About this task
In the material below, find the line with "কোকৰাঝাৰঃ বিটিচি অঞ্চলৰ" and the line with "A Couples Retreat, Family". Output exactly those two lines and all lines between them, leaving out pictures.

Task inputs
<<<<

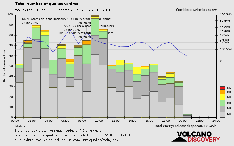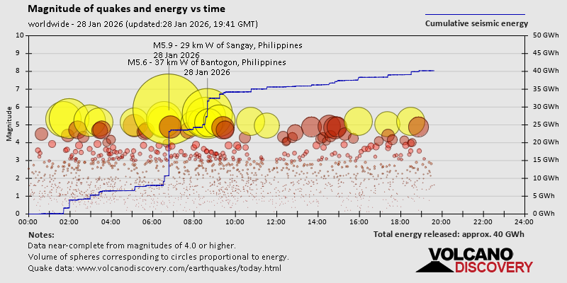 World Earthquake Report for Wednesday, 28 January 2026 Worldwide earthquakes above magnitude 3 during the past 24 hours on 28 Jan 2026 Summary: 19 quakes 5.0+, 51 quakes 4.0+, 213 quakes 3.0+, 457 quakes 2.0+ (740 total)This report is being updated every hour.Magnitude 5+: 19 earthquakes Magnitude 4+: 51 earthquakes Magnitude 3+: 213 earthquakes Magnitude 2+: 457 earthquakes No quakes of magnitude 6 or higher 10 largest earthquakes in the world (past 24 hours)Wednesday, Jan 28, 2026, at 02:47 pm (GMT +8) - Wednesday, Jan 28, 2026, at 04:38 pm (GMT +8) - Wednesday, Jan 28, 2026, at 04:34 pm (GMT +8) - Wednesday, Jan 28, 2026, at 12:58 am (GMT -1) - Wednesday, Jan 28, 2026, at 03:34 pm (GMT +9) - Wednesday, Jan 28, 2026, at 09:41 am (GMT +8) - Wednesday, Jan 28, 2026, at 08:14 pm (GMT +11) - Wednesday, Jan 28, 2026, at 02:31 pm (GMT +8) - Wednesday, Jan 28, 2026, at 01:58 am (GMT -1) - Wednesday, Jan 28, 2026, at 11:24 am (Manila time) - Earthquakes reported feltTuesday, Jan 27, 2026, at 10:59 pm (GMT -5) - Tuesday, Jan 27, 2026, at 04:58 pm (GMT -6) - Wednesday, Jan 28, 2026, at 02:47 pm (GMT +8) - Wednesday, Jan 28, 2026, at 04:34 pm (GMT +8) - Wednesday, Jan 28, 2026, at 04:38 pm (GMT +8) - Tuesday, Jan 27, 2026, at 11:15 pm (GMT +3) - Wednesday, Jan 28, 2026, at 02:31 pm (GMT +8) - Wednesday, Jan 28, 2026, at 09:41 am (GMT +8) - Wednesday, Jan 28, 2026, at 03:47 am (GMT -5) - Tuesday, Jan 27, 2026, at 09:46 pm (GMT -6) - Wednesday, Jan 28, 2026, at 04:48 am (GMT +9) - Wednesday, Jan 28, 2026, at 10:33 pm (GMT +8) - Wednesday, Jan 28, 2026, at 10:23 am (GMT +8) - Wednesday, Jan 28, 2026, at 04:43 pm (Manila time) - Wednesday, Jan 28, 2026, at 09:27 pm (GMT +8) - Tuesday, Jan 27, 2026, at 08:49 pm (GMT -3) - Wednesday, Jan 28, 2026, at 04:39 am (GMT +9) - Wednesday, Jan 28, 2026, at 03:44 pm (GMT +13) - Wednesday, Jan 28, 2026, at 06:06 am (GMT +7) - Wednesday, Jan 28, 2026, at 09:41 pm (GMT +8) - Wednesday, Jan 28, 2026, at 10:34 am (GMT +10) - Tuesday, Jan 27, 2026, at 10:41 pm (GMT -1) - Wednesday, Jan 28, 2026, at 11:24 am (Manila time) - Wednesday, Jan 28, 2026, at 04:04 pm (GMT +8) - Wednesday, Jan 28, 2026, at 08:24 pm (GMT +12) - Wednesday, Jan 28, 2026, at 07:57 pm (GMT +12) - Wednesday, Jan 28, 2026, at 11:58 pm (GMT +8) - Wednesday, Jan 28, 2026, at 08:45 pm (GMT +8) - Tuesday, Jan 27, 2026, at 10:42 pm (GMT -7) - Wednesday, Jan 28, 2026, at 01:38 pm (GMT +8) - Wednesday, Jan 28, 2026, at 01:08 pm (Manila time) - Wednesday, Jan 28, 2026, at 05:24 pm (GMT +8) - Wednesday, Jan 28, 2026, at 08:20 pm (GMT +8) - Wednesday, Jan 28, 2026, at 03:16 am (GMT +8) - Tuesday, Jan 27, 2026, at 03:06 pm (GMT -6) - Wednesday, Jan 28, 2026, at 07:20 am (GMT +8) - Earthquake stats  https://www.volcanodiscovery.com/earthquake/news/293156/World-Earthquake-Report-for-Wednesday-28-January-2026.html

>>>>
<<<<

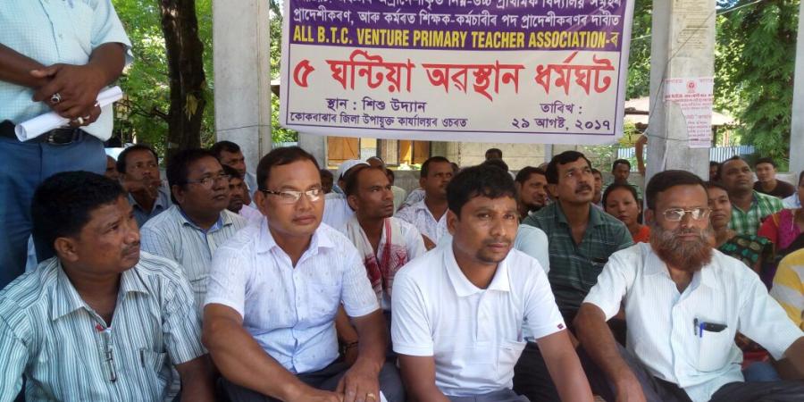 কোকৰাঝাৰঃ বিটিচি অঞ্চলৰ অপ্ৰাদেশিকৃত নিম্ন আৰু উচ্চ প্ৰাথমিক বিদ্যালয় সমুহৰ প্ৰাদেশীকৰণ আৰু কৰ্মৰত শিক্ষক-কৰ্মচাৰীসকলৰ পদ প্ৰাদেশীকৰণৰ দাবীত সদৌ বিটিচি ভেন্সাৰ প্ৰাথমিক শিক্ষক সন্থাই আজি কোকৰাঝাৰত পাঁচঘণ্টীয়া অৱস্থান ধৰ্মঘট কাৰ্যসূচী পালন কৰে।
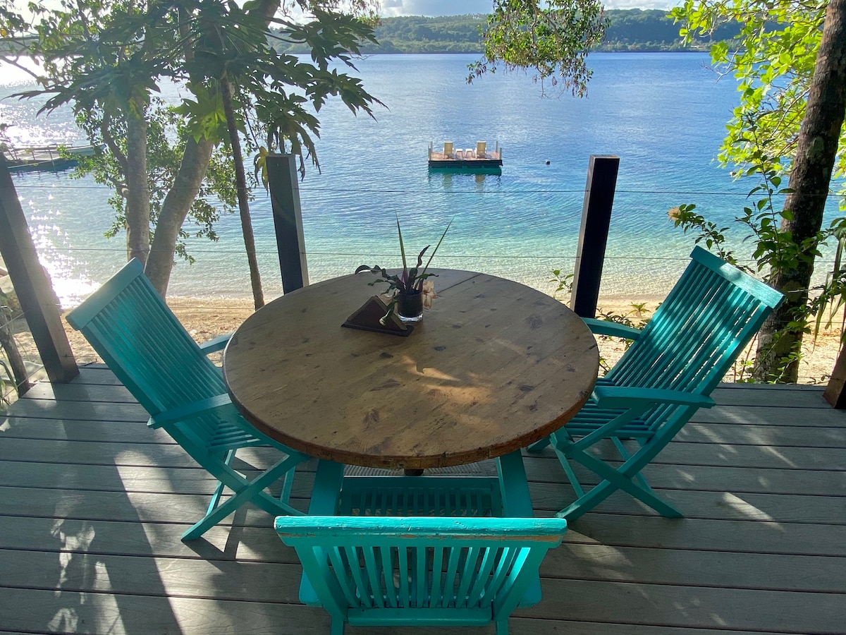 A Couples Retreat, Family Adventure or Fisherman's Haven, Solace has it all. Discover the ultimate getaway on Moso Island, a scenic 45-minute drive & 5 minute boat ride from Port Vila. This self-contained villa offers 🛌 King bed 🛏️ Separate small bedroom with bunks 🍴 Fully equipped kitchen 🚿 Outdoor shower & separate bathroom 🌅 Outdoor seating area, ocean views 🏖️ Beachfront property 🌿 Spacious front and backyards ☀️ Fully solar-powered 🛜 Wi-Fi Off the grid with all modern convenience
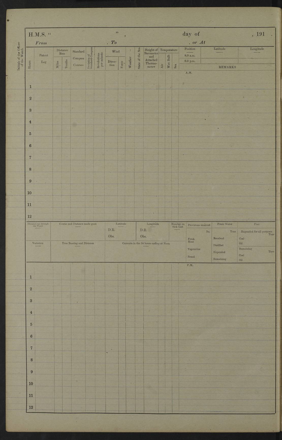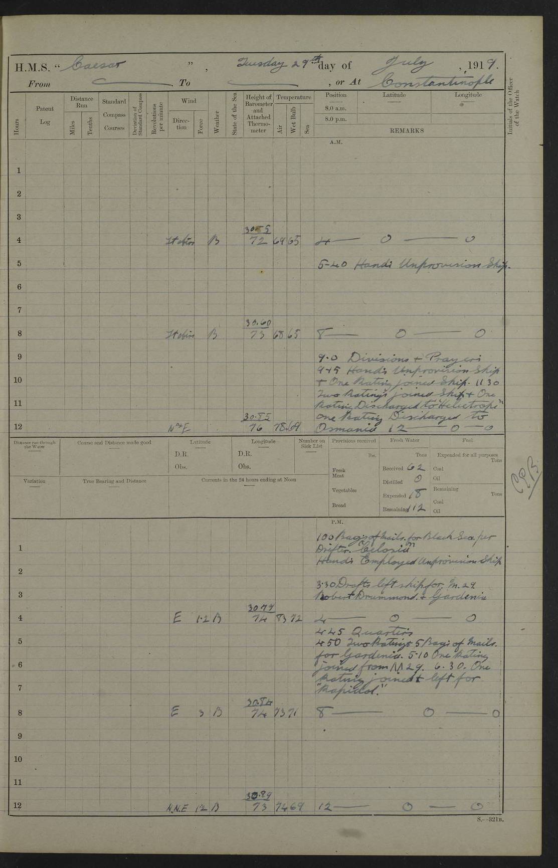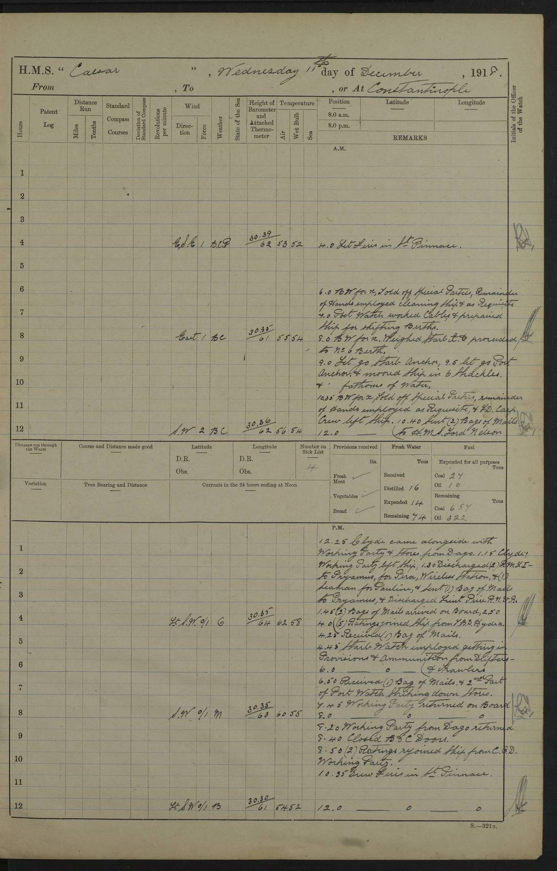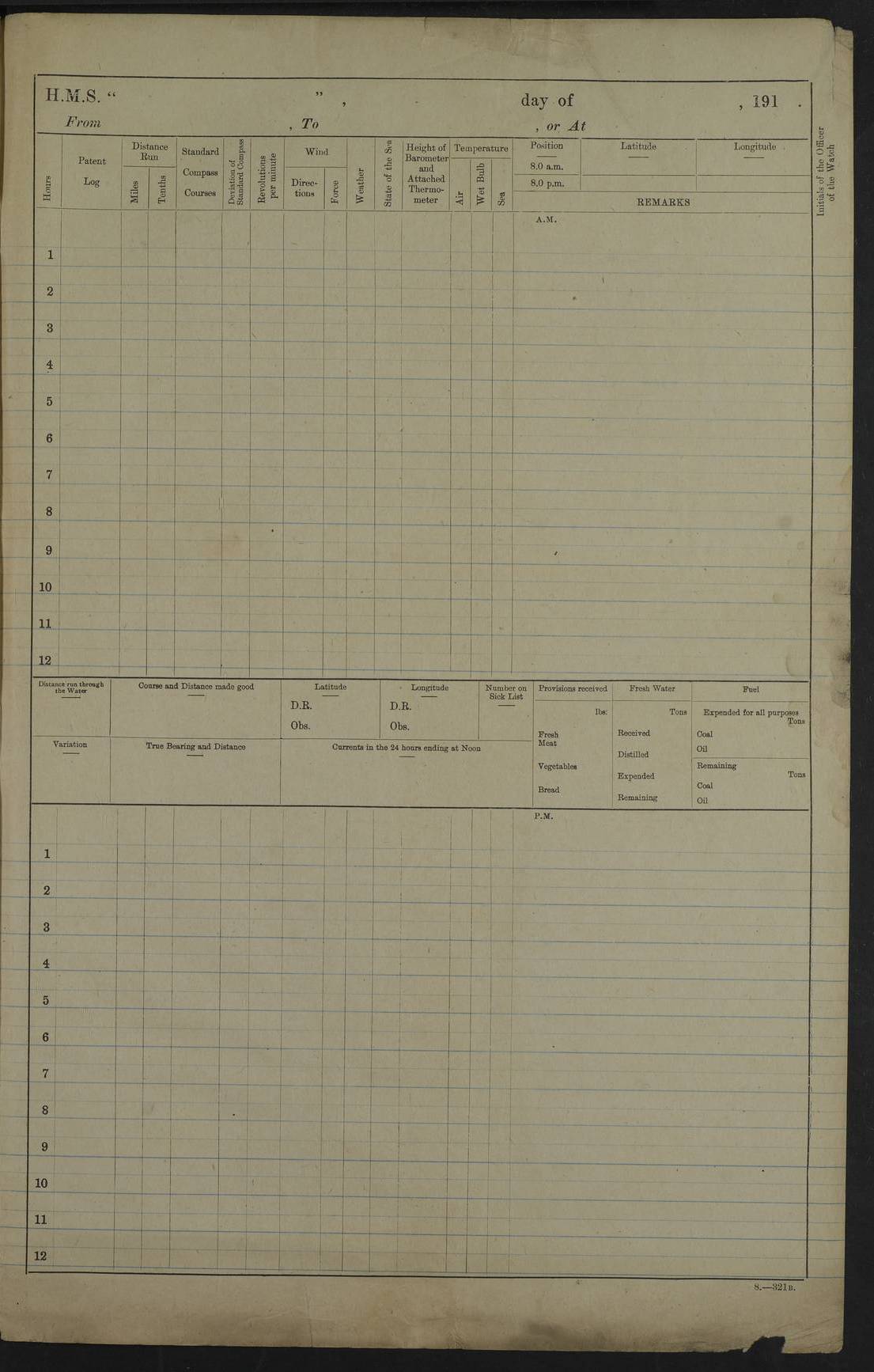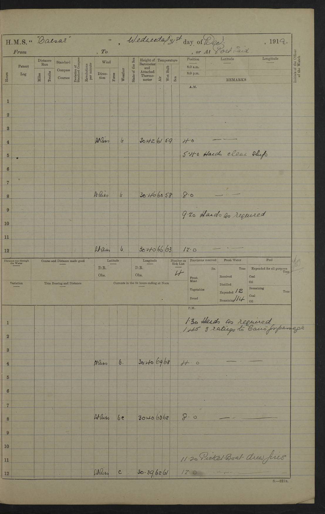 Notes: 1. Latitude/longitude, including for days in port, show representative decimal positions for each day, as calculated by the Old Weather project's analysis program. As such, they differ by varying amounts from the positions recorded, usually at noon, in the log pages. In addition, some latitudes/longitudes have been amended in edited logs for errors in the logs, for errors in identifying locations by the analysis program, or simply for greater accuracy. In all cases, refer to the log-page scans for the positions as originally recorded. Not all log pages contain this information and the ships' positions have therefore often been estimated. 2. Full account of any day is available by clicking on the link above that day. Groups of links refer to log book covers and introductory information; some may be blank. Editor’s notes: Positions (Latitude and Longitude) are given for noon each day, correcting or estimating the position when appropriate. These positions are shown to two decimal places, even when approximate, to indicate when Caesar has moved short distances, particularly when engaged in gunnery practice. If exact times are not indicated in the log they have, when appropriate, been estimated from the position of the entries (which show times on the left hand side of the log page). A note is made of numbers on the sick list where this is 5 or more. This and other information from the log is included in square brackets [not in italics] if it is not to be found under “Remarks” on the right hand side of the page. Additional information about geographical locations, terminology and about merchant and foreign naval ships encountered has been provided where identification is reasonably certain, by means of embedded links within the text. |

>>>>
<<<<

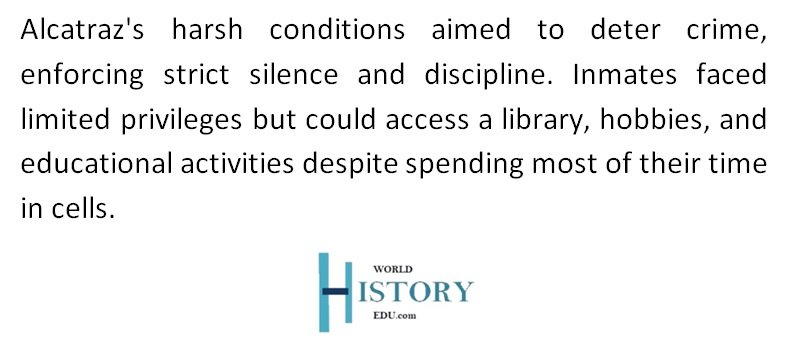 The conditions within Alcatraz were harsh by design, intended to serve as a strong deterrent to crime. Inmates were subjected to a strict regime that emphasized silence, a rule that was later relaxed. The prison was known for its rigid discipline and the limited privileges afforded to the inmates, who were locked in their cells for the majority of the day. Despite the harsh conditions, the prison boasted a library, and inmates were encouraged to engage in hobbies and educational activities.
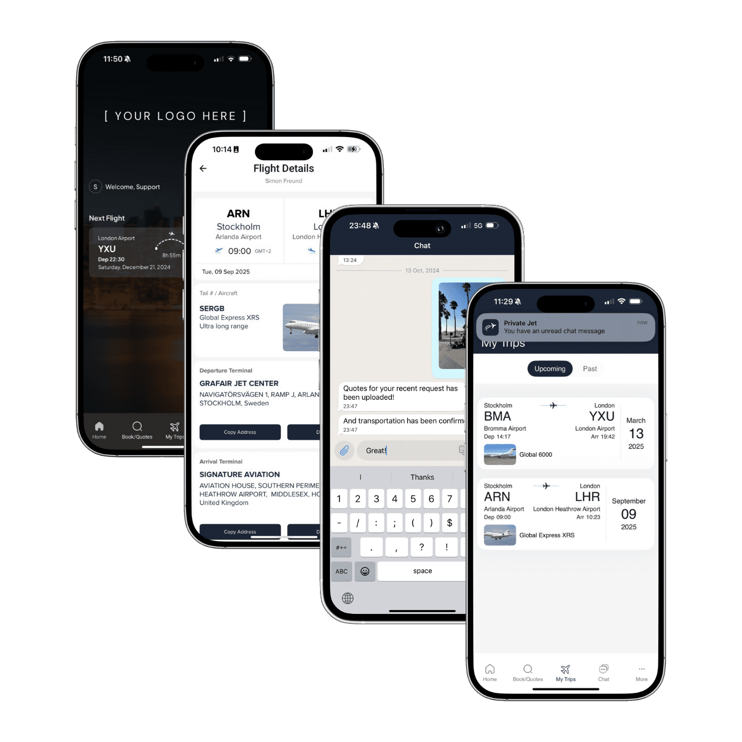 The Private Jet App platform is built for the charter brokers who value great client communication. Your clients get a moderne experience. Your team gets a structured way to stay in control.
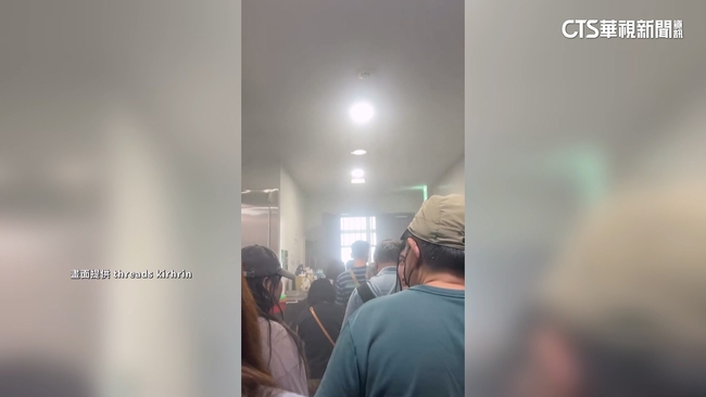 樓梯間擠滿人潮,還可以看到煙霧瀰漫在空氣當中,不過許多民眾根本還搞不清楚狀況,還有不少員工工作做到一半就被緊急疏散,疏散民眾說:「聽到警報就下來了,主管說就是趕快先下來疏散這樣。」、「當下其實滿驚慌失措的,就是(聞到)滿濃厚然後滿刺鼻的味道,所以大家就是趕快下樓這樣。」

>>>>

Problem solution
 কোকৰাঝাৰঃ বিটিচি অঞ্চলৰ অপ্ৰাদেশিকৃত নিম্ন আৰু উচ্চ প্ৰাথমিক বিদ্যালয় সমুহৰ প্ৰাদেশীকৰণ আৰু কৰ্মৰত শিক্ষক-কৰ্মচাৰীসকলৰ পদ প্ৰাদেশীকৰণৰ দাবীত সদৌ বিটিচি ভেন্সাৰ প্ৰাথমিক শিক্ষক সন্থাই আজি কোকৰাঝাৰত পাঁচঘণ্টীয়া অৱস্থান ধৰ্মঘট কাৰ্যসূচী পালন কৰে।
 A Couples Retreat, Family Adventure or Fisherman's Haven, Solace has it all. Discover the ultimate getaway on Moso Island, a scenic 45-minute drive & 5 minute boat ride from Port Vila. This self-contained villa offers 🛌 King bed 🛏️ Separate small bedroom with bunks 🍴 Fully equipped kitchen 🚿 Outdoor shower & separate bathroom 🌅 Outdoor seating area, ocean views 🏖️ Beachfront property 🌿 Spacious front and backyards ☀️ Fully solar-powered 🛜 Wi-Fi Off the grid with all modern convenience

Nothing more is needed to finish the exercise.